The article I would like to review today is one of my favorites.  It is also one that is hard to take in all the information.  I have to review this study a lot.  This is one podcast I will listen to myself a lot to keep refreshed on.  I want to start this podcast a little backwards today.  I want to start with a real-world example of this week.

 

This is worker’s compensation patient I performed an IME on.  This is a 50-year-old lady that had a fall at work and injured her hip, shoulder and knee.  She had treatment for years including a hip labral surgery, shoulder tendon surgery and lots of pain management.  The doctors all were confused by her intense ongoing pain.  At one point one of her doctors ordered a brain MRI to assess for multiple sclerosis due to pain that was way beyond what was expected.  All of her doctors truly believed she was in pain, but were unable to help her with her pain and were unable to explain why she was having so much pain. 

 

My IME was simple to show objective evidence from MRI and surgical reports of injuries.  These injuries clearly came from her work place injury since she had no prior symptoms and degenerative findings on the imaging.  The impairment rating was easy to do.  The hard part was she didn’t just want an impairment rating, but wanted to know what to do.  She was way worse off than I would expect for the injuries she had.  The injuries I could show just did not seem to be explaining all of her symptoms.  She was worse off than anyone expected. 

 

What is the best approach for this type of patient?  She seemed genuine and honest about her injuries.  She did not seem to be malingering, but that is often what patients like this get accused of.  This case reminded me of one of my all-time favorite research articles.  I want to go over this research article and then come back to the real-world example. 

 

Today’s article is Evidence, mechanisms, and Clinical implications of Central Hypersensitivity in Chronic pain After Whiplash Injury.  This was published in The Clinical Journal in 2004 by Michele Curatolo et al. 

 

This study is a review of the evidence on central hypersensitivity in chronic pain after whiplash injuries.  What is central hypersensitivity?  They defined this as enhanced perception of painful stimuli at healthy areas that surround damaged tissues.  This enhanced perception of pain comes from quote “profound changes in the central nervous system” end quote.  These changes are responsible for enhanced neuronal excitability.  So central hypersensitivity is changes in the central nervous system (which is brain and spine).

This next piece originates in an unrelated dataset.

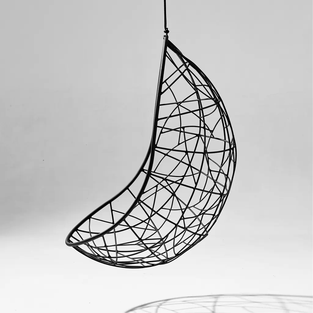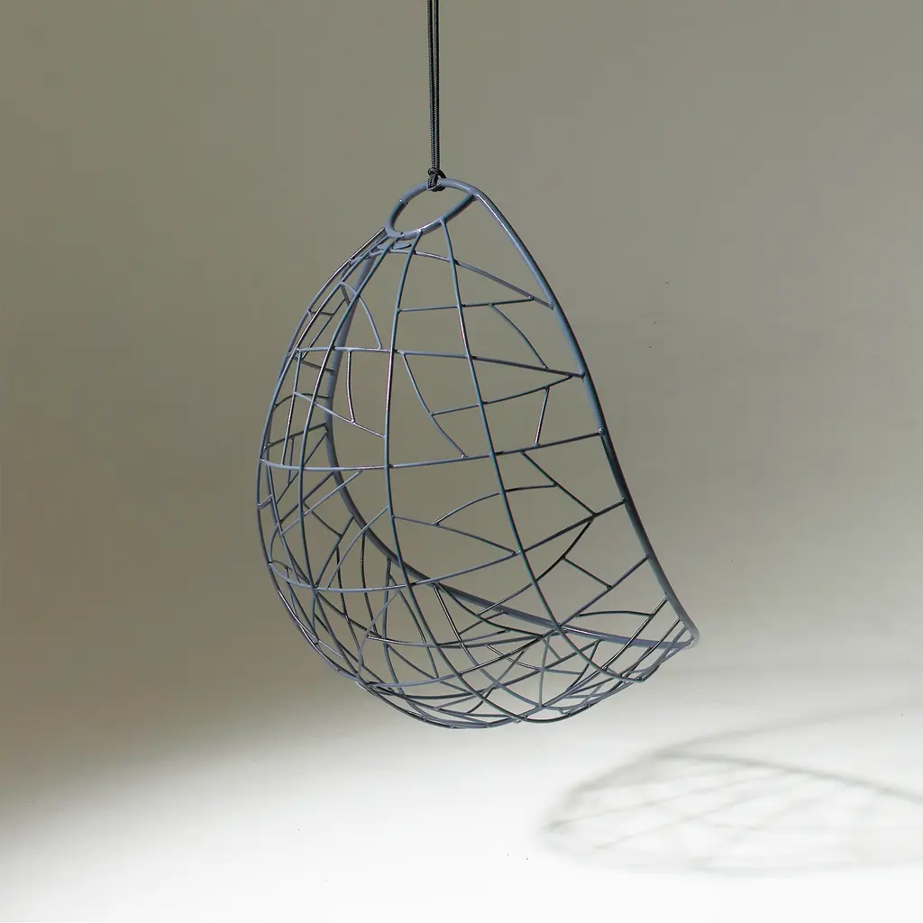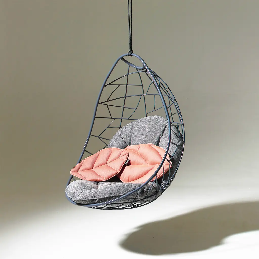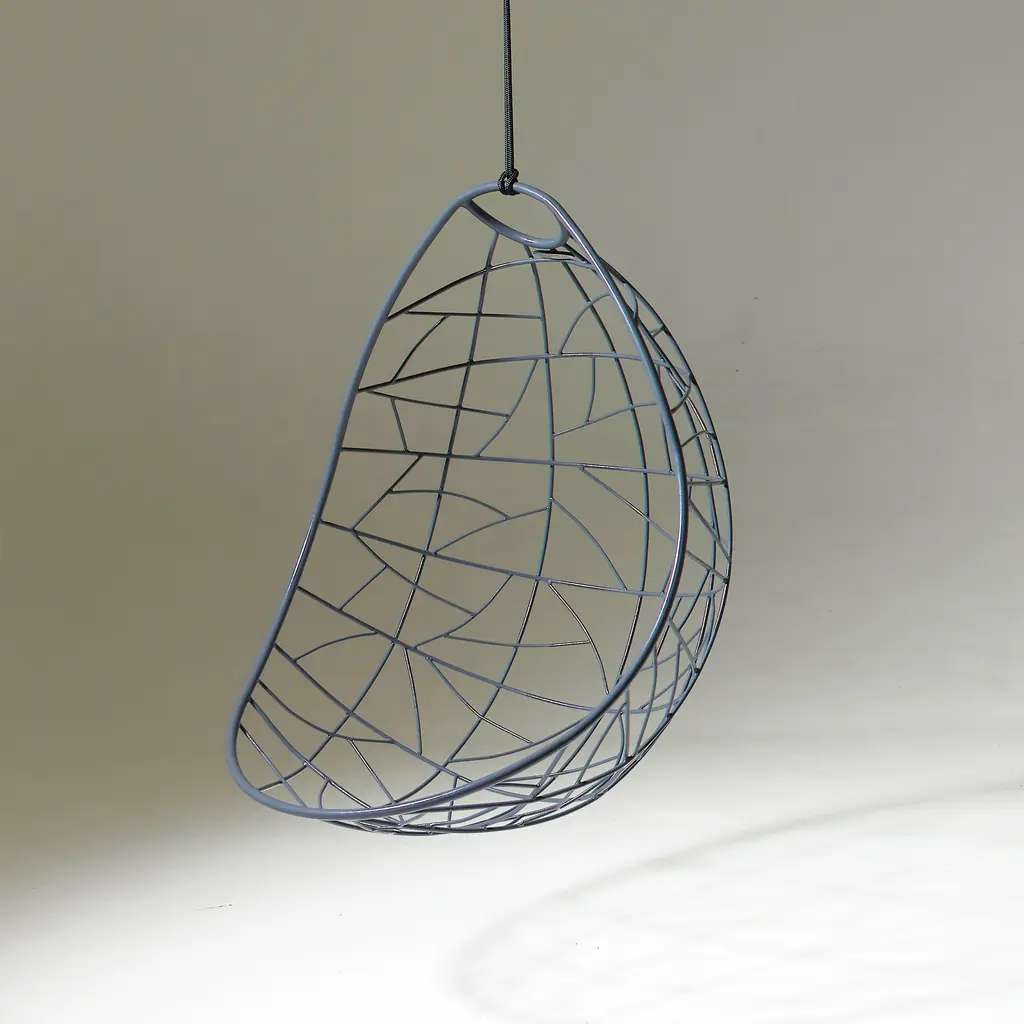 Relax in complete comfort and enhance your home’s décor at the same time with Nest Egg. Part of Studio Stirling’s lounge chair collection, this design optimizes comfort with a cocoon-like shape. The chair references the organic forms of bird nests and the intertwined patterns found anywhere in the nature, from tree branches and leaves to dragonfly wings. Made by hand in South Africa, the Nest Egg lounge chair features a powder-coated mils steel frame and a matching hanging mechanism. The manual, artisanal crafting technique makes each chair one of a kind, as the frame patterns may vary subtly. Suitable for both indoor and outdoor use, the chair can be easily installed in a room or on a terrace or garden.

These changes increase the excitability of the central nervous system leading to enhanced pain perception.  These changes have been shown to come from damaged tissue including quote “minimally damaged tissues” end quote. 

 

Today’s study will cover 1. the mechanism of central hypersensitivity, 2. review the evidence showing that central hypersensitivity occurs after injuries, 3. discuss clinical relevance and 4. cover possible treatments. 

 

I’ll start with the hardest part of the study and that is the mechanism of central hypersensitivity. 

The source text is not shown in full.